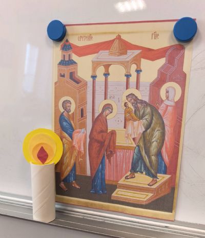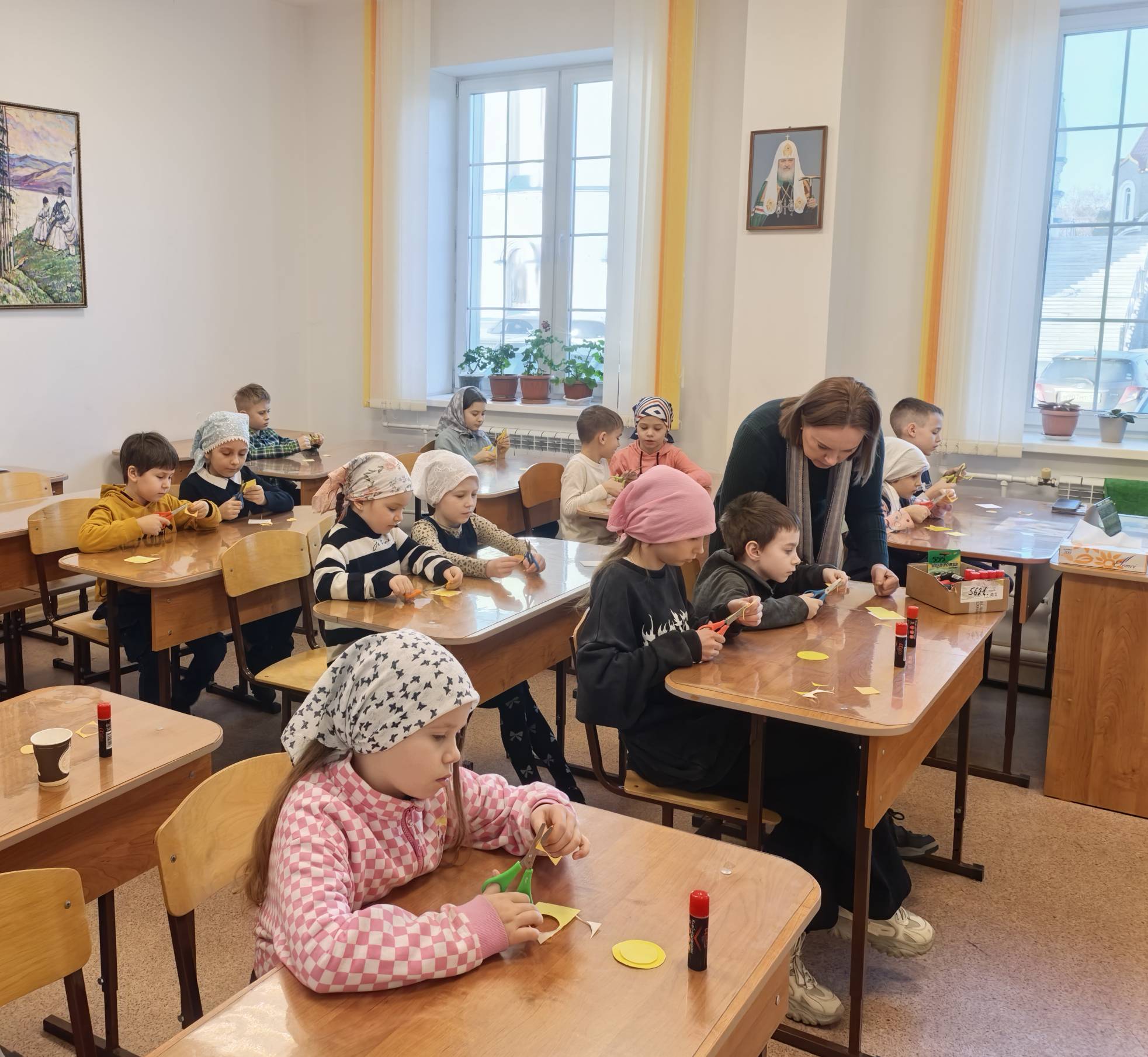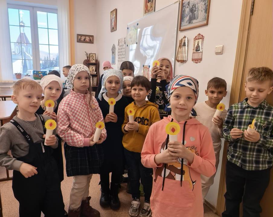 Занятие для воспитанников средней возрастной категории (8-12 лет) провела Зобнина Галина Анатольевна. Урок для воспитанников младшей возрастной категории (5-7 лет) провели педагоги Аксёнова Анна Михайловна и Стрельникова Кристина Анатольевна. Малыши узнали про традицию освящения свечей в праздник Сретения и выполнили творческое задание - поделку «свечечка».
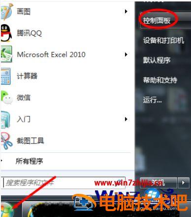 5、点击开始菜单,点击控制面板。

--

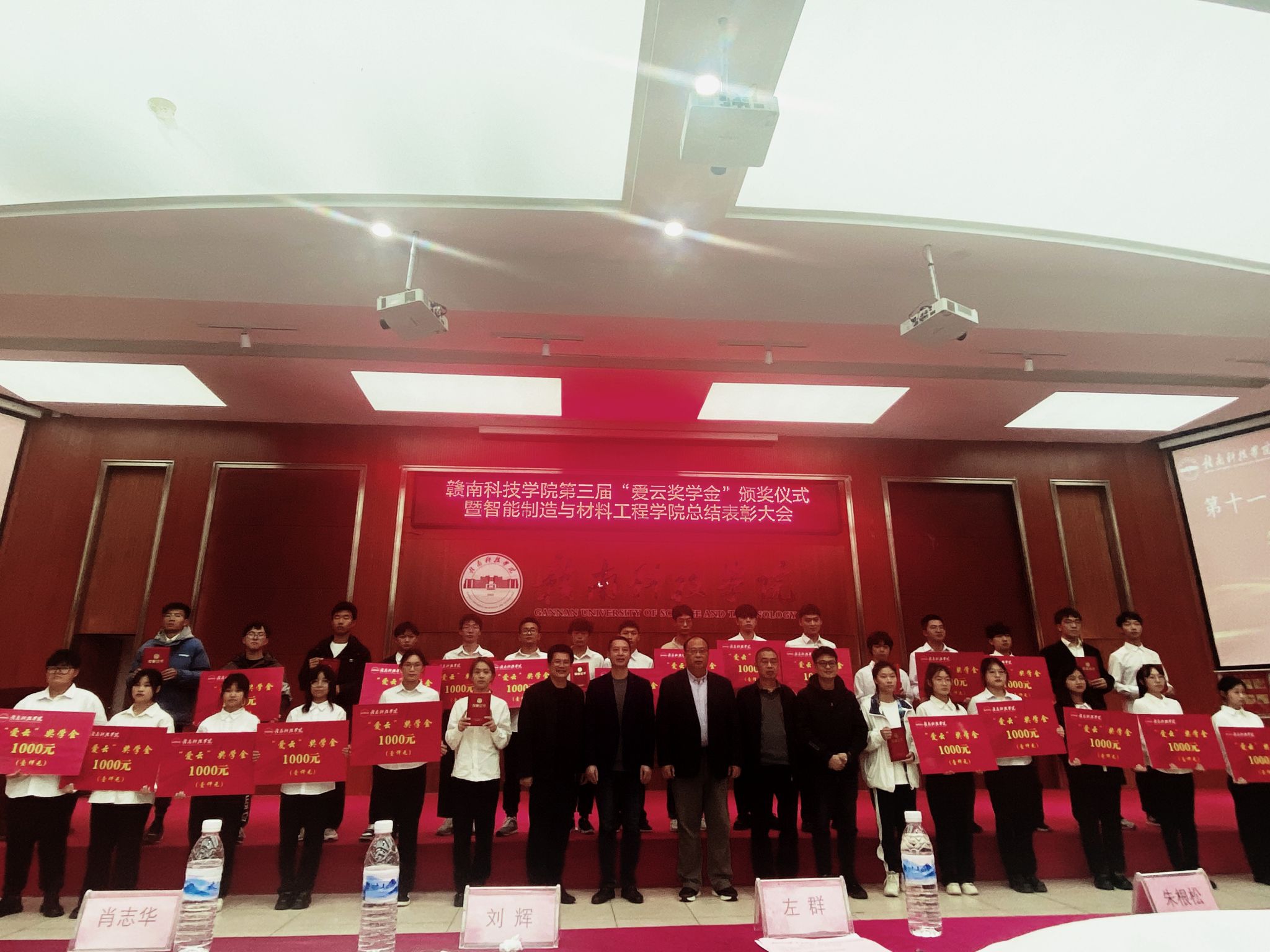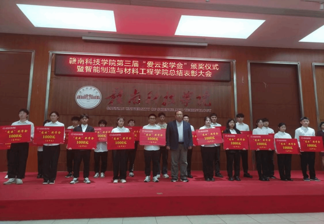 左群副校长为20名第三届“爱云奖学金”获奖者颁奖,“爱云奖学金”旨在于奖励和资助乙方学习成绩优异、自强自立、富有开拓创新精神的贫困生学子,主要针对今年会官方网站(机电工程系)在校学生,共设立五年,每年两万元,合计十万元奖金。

§ **INSTRUCTIONS TO FOLLOW**
Set down, exactly as written above, each line from the one with "Занятие для воспитанников" through the one with "5、点击开始菜单,点击控制面板。", and skip the pictures.

§ **SOLUTION**
 Занятие для воспитанников средней возрастной категории (8-12 лет) провела Зобнина Галина Анатольевна. Урок для воспитанников младшей возрастной категории (5-7 лет) провели педагоги Аксёнова Анна Михайловна и Стрельникова Кристина Анатольевна. Малыши узнали про традицию освящения свечей в праздник Сретения и выполнили творческое задание - поделку «свечечка».
 5、点击开始菜单,点击控制面板。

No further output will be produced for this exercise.